Securities and Exchange Commission (SEC)
A federal agency that regulates stock trades and ensures companies report their financial positions truthfully.
Income Statement
Shows revenues and expenses, including cost of goods sold and net income.
Assets
Things a business owns.
Liabilities
Things a business owes.
Equity
The investment made by the owners in a business.
Unsecured Credit
A source of money without guarantee of payment.
Secured Credit
A type of credit backed by collateral.
Breakeven Analysis
Determines the point at which total sales revenue equals total expenses.
Debt Financing
Borrowing money through loans or bonds.
Equity Financing
Selling ownership stakes in a company.
Ratio Analysis
A technique for evaluating a company’s financial performance using ratios.
Profitability Ratios
Indicate how much profit is made relative to investment or sales.
Liquidity Ratios
Measure how well a company can meet short-term obligations.
Debt Ratios
Examine how much debt is used to finance a company's operations.
Efficiency Ratios
Evaluate how well a company manages its assets.
Financial Manager's Main Goal
To maximize the firm's value to its owners.
Sole Proprietorship
A business owned completely by one individual.
Partnership
A business owned jointly by two or more people.
Corporation
A legal entity separate from its owners, capable of entering contracts and being taxed.
Limited Liability Company (LLC)
Combines the benefits of a corporation with the tax efficiencies of a partnership.
Merger
When two companies combine to form a new entity.
Acquisition
The purchase of one company by another.
Operations Management (OM)
Activities involved in transforming product ideas into finished products.
Product Planning
Determining how goods will be produced and where.
Production Control
Scheduling and monitoring production activities to meet demand.
Quality Control
Ensuring goods and services meet specifications.
Just-in-Time Production
Arranging for materials to arrive just as needed in the production process.

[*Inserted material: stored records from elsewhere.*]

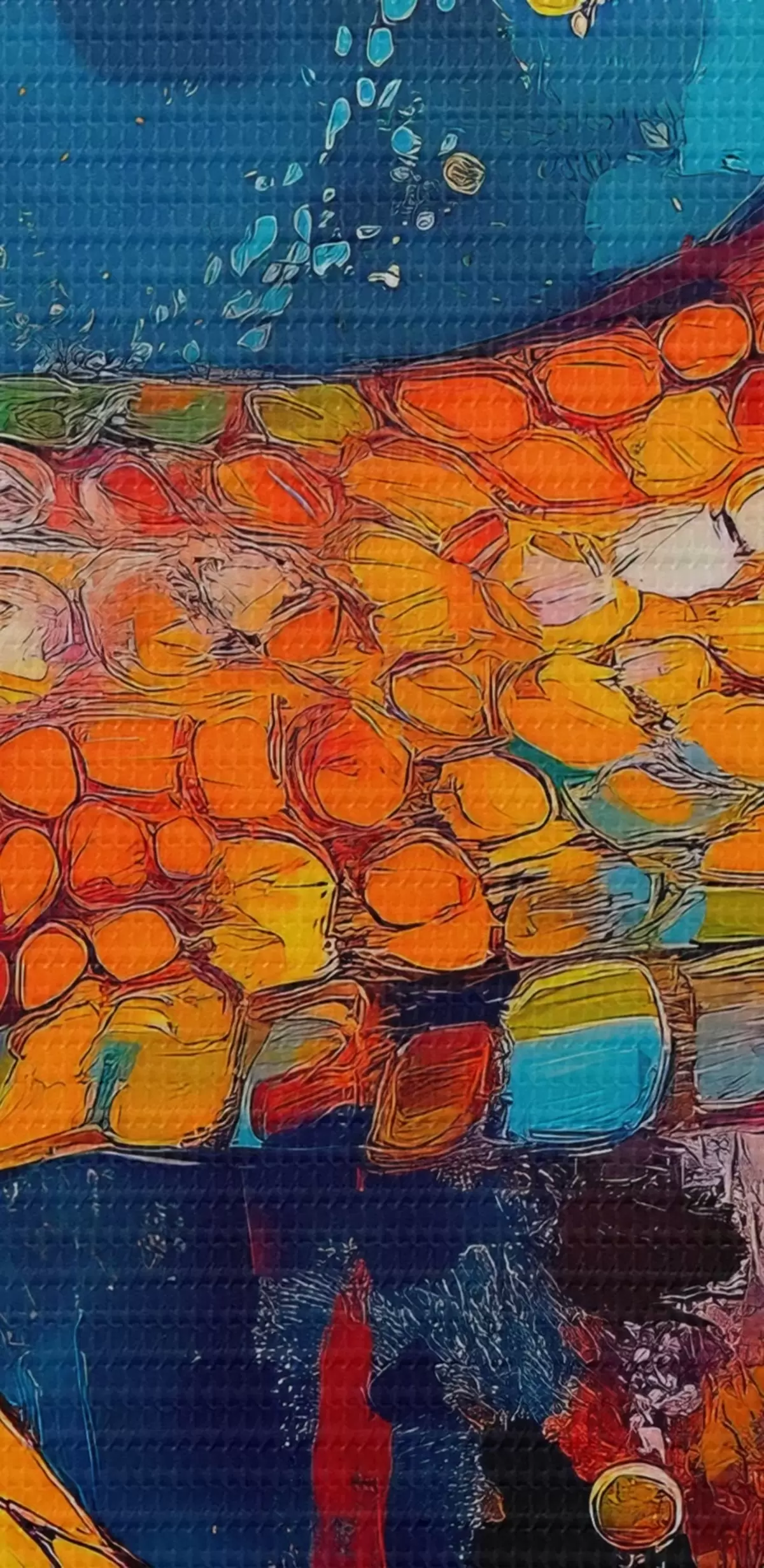 Het schilderij kan direct na ontvangst worden opgehangen. Het schilderij wordt opgespannen op een 2 cm breed houten spieraam.
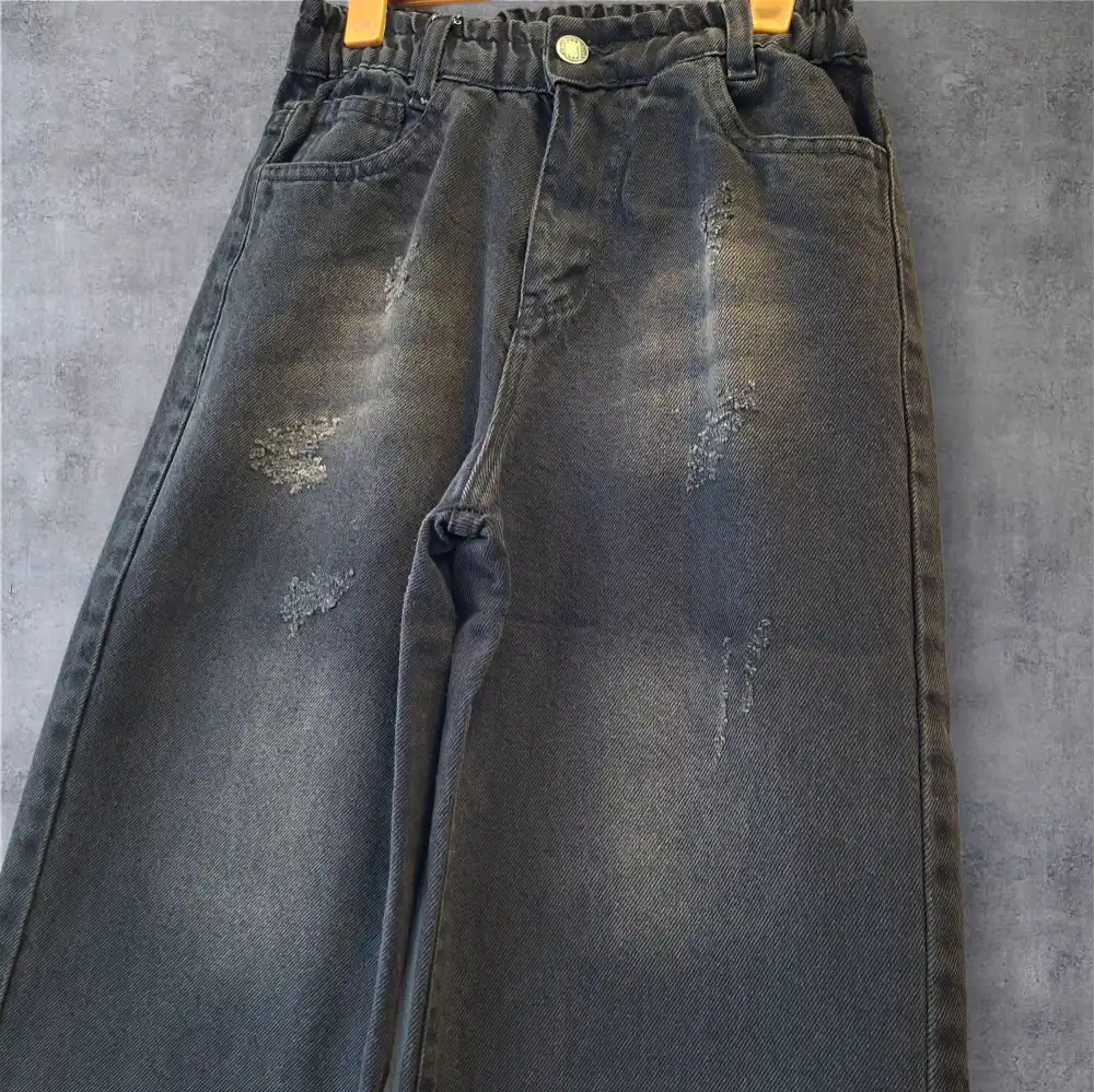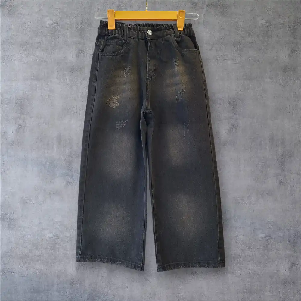 شلوار واید لگ ذغالی کثیف شور جین پنبه سایز 75 تا 100 کد 2268
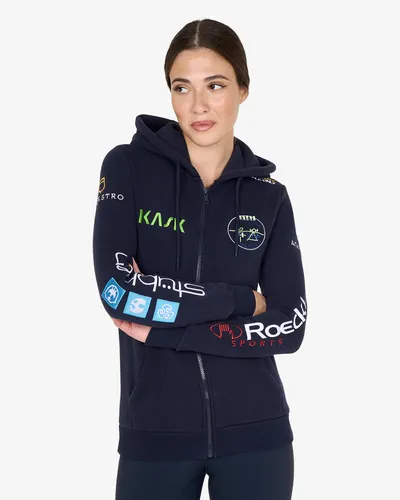 Женская приталенная толстовка с множеством логотипов, выполненная из мягкого хлопка, обеспечивающего свободу движений и комфорт в любой ситуации.
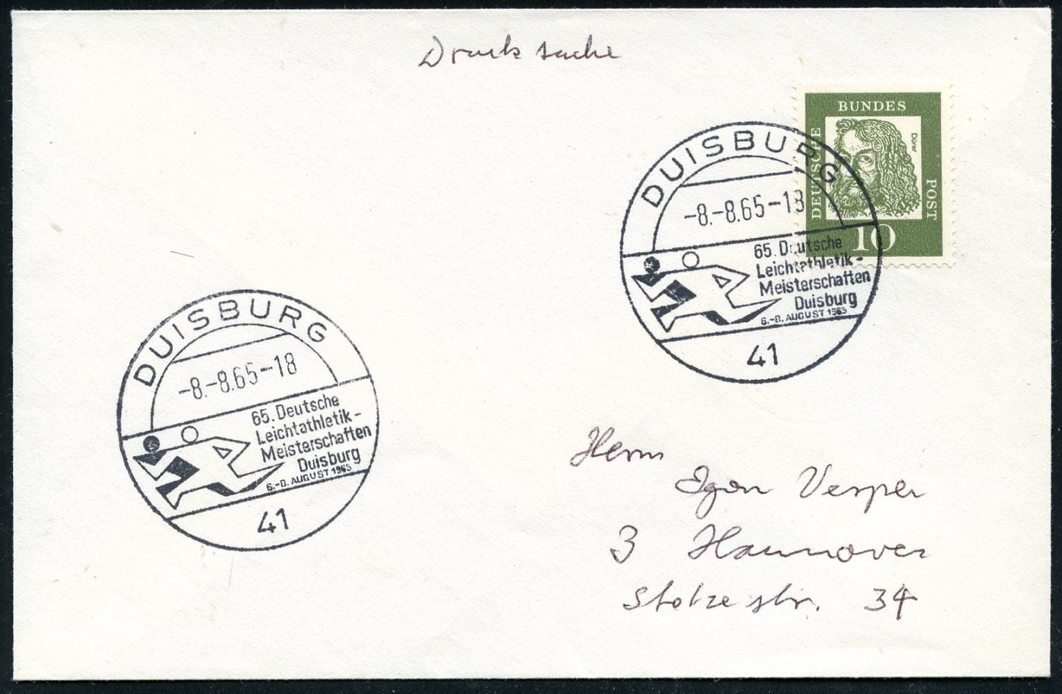 6821 | 15 € | 4100 Sonderstempel : 41 DUISBURG/ 65.Deutsche/ Leichtathletik-/ Meisterschaften 1965 (8.8.) SSt (Läufer) klar auf kleinem Inl.-Bf. (Bo.40, Finaltag) | ![]() | |

Statistical Process Control
Monitors production quality by testing sample outputs.
Leadership Styles
Different approaches to leading and motivating teams.
Autocratic Leadership
Decision-making style where managers make decisions without consulting subordinates.
Democratic Leadership
Decision-making style where input from subordinates is sought.
Free-rein Leadership
A hands-off management approach giving employees control.
Centralized Decision Making
Concentration of decision-making authority at the top levels.
Decentralized Decision Making
Spreads decision-making authority throughout the organization.